Each orbital in an atom (e.g. 2s, 2p_x, 3d_xy) can contain at most two electrons. But the Pauli Exclusion Principle states that no two electrons can occupy the same quantum state simultaneously, i.e. they cannot have the same quantum numbers. So if you have two electrons in the same orbital, one must be +1/2 and the other -1/2. If you have just one electron in an orbital then you can just say that it has a +1/2 spin.

[Corribus]

The classical interpretation is of a quantum particle spinning on its axis, which gives it an intrinsic angular momentum. At the same time, quantum particles that are orbiting (not a good word to use for atoms, but again we're in a classical frame of mind) the nucleus have an associated orbital angular momentum. Like most other energy-related quantum properties, both angular momentum values are quantized (can take on only specific values). In the quantum world, we use a 'unit value' that we usually then multiply by a 'quantum number' to indicate the total observable magnitude - the reason relates to the Schrodinger equation, which is probably unimportant to go into right now. Fermions, which include electrons, have half integer spin quantum numbers (1/2, 3/2, 5/2, etc.). The total amount of spin angular momentum is determined via the simple equation SQRT[s(s+1)]ħ. Here ħ is your 'unit value' and the quantum number is based on s. For electrons and other elementary fermions, s can only have a value of 1/2, so the total allowed spin angular momentum for an electron is SQRT[3/4]ħ.

An important thing to understand is that momentum is a vector quantity.
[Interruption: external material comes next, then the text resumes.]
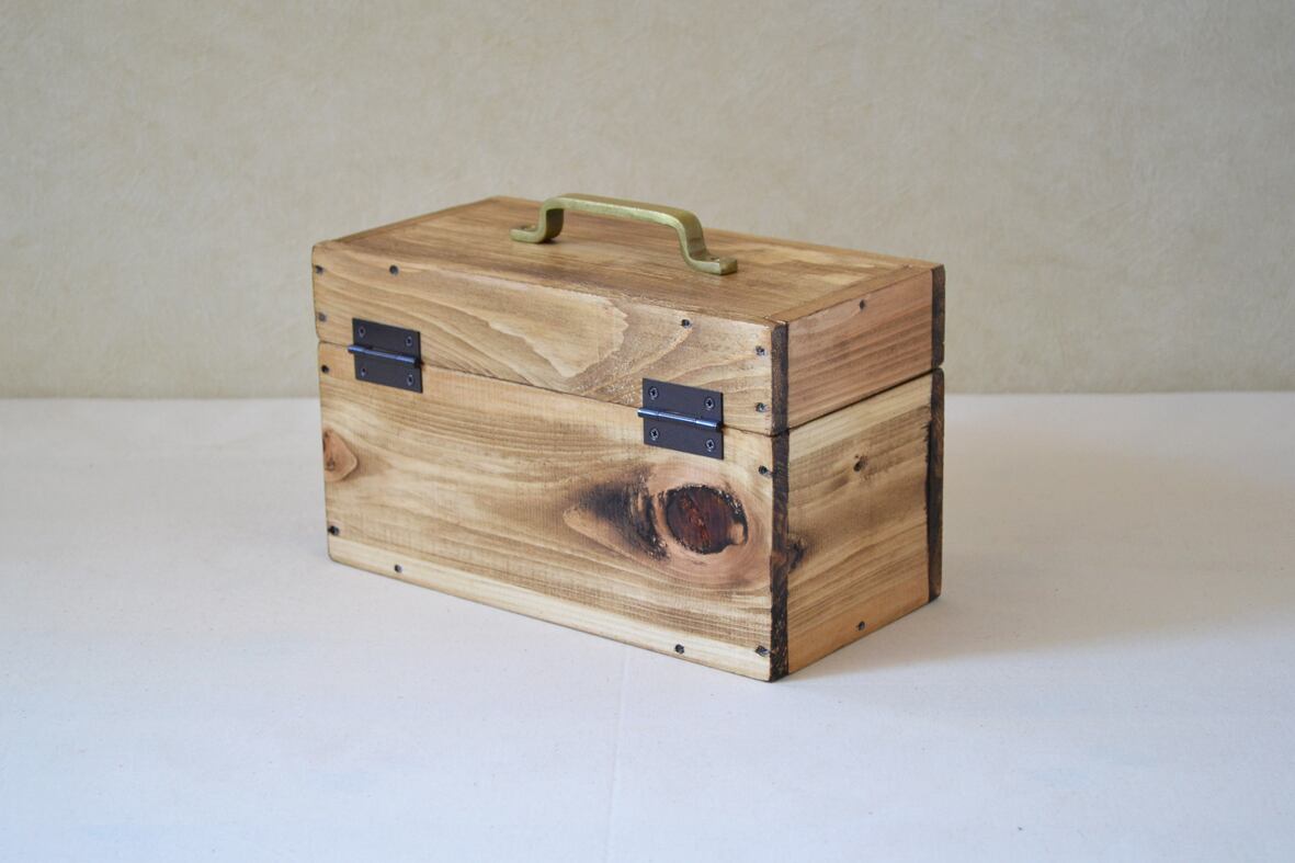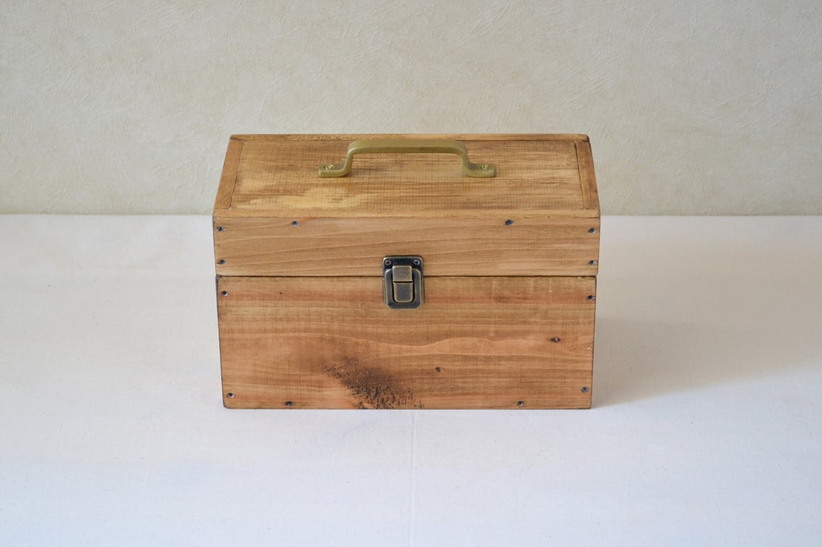 硬くていい香りの国産のひのきを使ったトランク型の小箱です。

For reasons well beyond the scope of general chemistry, we are usually concerned about the portion of the angular momentum that is directed along a single spatial axis, which (for one of the three potential axes) is also quantized. For convenience, we pick the z-axis. A total spin angular momentum value of SQRT[3/4]ħ has z-axis projection of (1/2)ħ. However, while the total spin momentum magnitude is fixed at SQRT[3/4]ħ, we note that there is no reason why it has to be oriented up or down (along the positive z or negative z axes). In the absence of any other particles that might influence it, there is a statistically equal probability of both possibilities. For this reason, we say that the z-axis spin angular momentum is ±(1/2)ħ. The associated quantum number is simply ±(1/2).

(This is, by the way, mostly analogous to the orbital momentum quantum numbers you may have learned about, L and m_L, the former representing the total orbital angular momentum and the latter representing the component of that momentum that is directed along an arbitrary [usually z] axis. The difference being that the orbital angular momentum isn't confined to a single half integer value. Notice that whatever the positive L value, the m_L values have both positive and negative integers, reflecting the fact that the total momentum L is just an absolute magnitude, but m_L represents that magnitude along the z-axis, and there is not preference for it to be directed in one direction or the other. The total spin momentum quantum number, s, is usually not of much importance, but the quantum number that indicates the amount of momentum directed along the same z axis has a lot of importance in chemistry and physics and is one of the four you usually learn about in general chemistry.)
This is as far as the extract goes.